Selasa, 29 Juli 2025 - 12:39 WIB

facebook twitter whatsapp telegram line copy

URL berhasil dicopy

facebook icon twitter icon whatsapp icon telegram icon line icon copy

URL berhasil dicopy

Foto : Anggota DPD RI Dapil Bengkulu, Apt. Destita Khairilisani, S.Farm., MSM., menjadi narasumber dalam peringatan Global Tiger Day Bengkulu 2025 yang digelar di Tempua

Foto : Anggota DPD RI Dapil Bengkulu, Apt. Destita Khairilisani, S.Farm., MSM., menjadi narasumber dalam peringatan Global Tiger Day Bengkulu 2025 yang digelar di Tempua

ReporTimeNews, Bengkulu : Anggota DPD RI Dapil Bengkulu, Apt. Destita Khairilisani, S.Farm., MSM., menjadi narasumber dalam peringatan Global Tiger Day Bengkulu 2025 yang digelar di Tempua, Kota Bengkulu, Selasa (29/7). Kegiatan yang mengusung tema “The Final of King’s Trail, It’s Time to Act” ini menekankan pentingnya aksi nyata untuk melestarikan Harimau Sumatera yang kini terancam punah.
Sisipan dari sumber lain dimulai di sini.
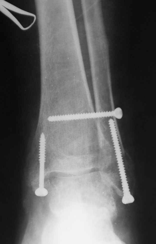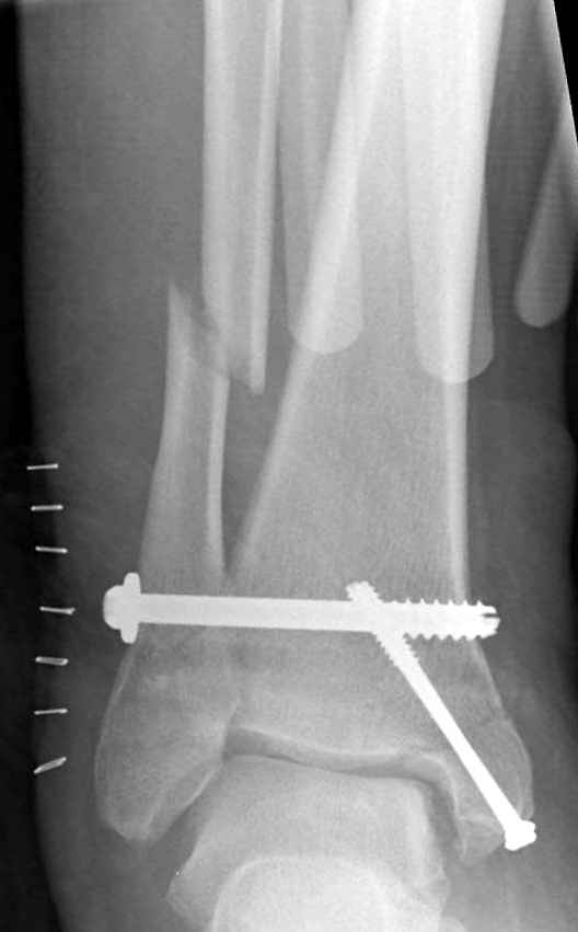 действительно было повреждение синдесмоза - в 4 месяца позиционный винт - не решение. Внутренню лодыжку такую - надо было бы спицами и проволочной петлей. Извините за эти банальности.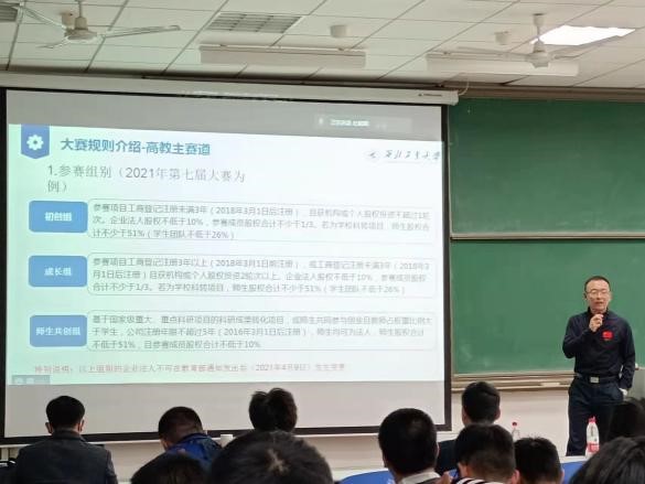 接着,贺华主任做了题为《中国国际“互联网+”大学生创新创业大赛赛道分析与选题》的报告。贺华主任从“互联网+”创新创业大赛历史演变、金奖复盘、赛道分析与选题讲起,向参会师生分享了大赛基本概况、Av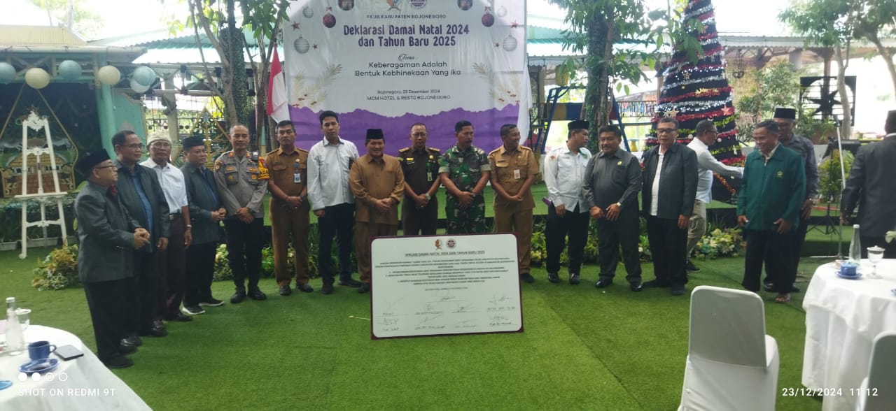 Sementara itu, ketua Forum Kerukunan Umat Beragama (FKUB) Bojonegoro, H. Tamam Syaifuddin mengungkapkan bahwa deklarasi ini menguatkan langkah menjaga kerukunan antarumat beragama melalui Deklarasi Damai Natal 2024 dan Tahun Baru 2025.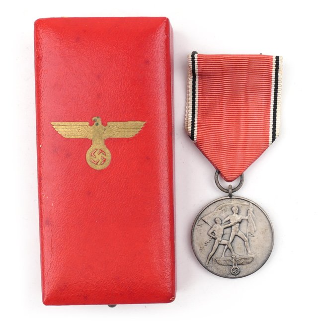 Cased Austrian Occupation Medal (Medaille zur Erinnerung an den 13 März 1938). The Commemorative Medal of 13 März 1938 was the first of the 'Anschluss' (Annexation), medal series and was instituted on 1 May 1938, for award to civilians and military personnel who participated in the annexation of Austria into Greater Germany. This is a nice example having great detail, the medal comes on its original confectioned ribbon, stored in its red coloured etui as found together. The etui is showing normal traces of usage. Nice set in good used condition!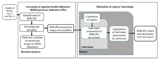 In order to design an effective evaluation model applicable to the riparian areas of the TGDR, we consulted with a number of experts to evaluate and identify parameters (such as condition and pressure indicators) while reviewing a large quantity of relevant literature. The most pertinent experts were selected, and multiple meetings were carried out with the representatives of the reservoir management unit, immigration management office, local township, and local communities. During this consultation process, various field visits to the riparian zones of the TGDR were made, which took almost six months before the decision session. The steps in the process of designing a model structure through experts were according to a four-stage program proposed by Lanzanova et al. [49] and Whitney et al. [50] (Figure 2). The final conceptual model represents a path of significant decisions that can be formally designed and implemented.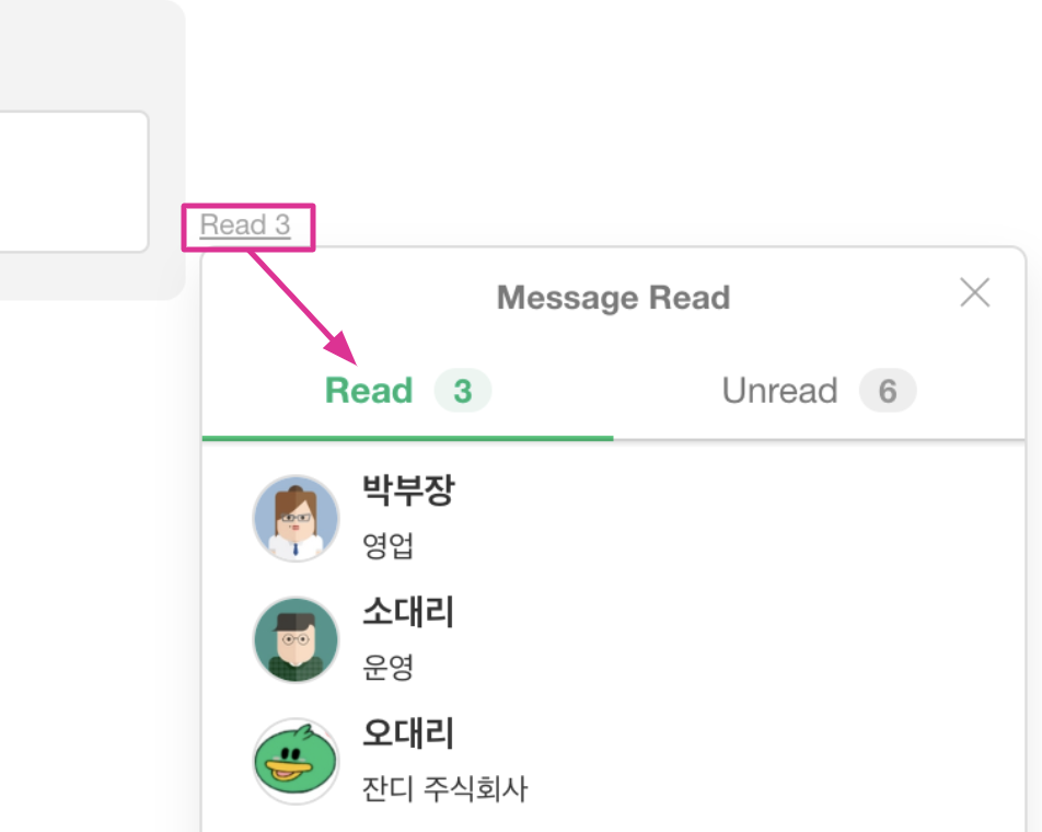 The read receipt shows you the number of people that have read your message. Besides, you can view the list of people that have read your message! This way, requesting tasks and grasping the work progress can be more flexible.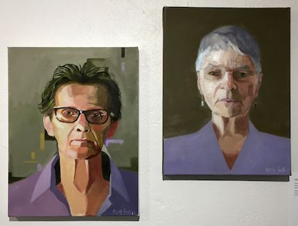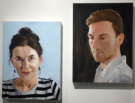 Right: Smith’s portraits of myself (left) and Matt Grant.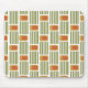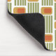 This mouse pad has a mid-century modern design made of five green lines and a gold rounded rectangle with an orange rounded rectangle repeated across the design.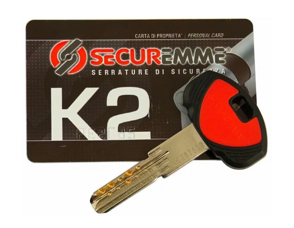 K2 Перфорированный цилиндр с функцией перекодировки. 10 активных пинов монтажный (сервисный) ключ — 1 шт ( монтажный ключ используется во время строительных работ. Основные ключи изменяют шифр и дезактивируют монтажный ключ) основные ключи — 5 шт, защита от дублирования (ключи запечатаны в оригинальную упаковку SECUREMME, защита от высверливания, стальной стержень в основании цилиндра, стальные пиновые штифты. сертифицирован в России по 3-му классу взломостойкости

Dalam sesi talk show, Destita menyampaikan keprihatinannya atas kondisi Harimau Sumatera yang populasinya diperkirakan tak lebih dari 400 ekor.

“Tantangan kita hari ini adalah bagaimana menjaga agar harimau tidak menyusul Harimau Jawa dan Harimau Bali yang sudah punah. Ini PR kita bersama,” tegasnya.

Ia menekankan perlunya kolaborasi berbagai pihak mulai dari masyarakat, pemerintah daerah, provinsi, hingga pusat untuk menyelamatkan satwa langka tersebut.

“Kita tidak bisa saling tunjuk kewenangannya. Harimau adalah hewan yang sangat cantik dan ikonik. Bahkan sampai difilmkan seperti ‘Manusia Harimau’ karena saking melegendanya,” ujarnya.

Destita juga mengingatkan konflik antara harimau dan manusia seringkali terjadi karena habitat satwa tersebut rusak. Ia mencontohkan legenda masyarakat di Kepahiang yang dulu sering melihat harimau masuk desa lantaran habitat aslinya yang dijadikan permukiman.

“Kalau habitat mereka rusak, wajar mereka turun. Maka habitatnya harus kita lindungi,” katanya.

Sebagai anggota DPD RI, Destita menyatakan komitmennya untuk mendorong aspirasi masyarakat, khususnya terkait regulasi pelestarian lingkungan.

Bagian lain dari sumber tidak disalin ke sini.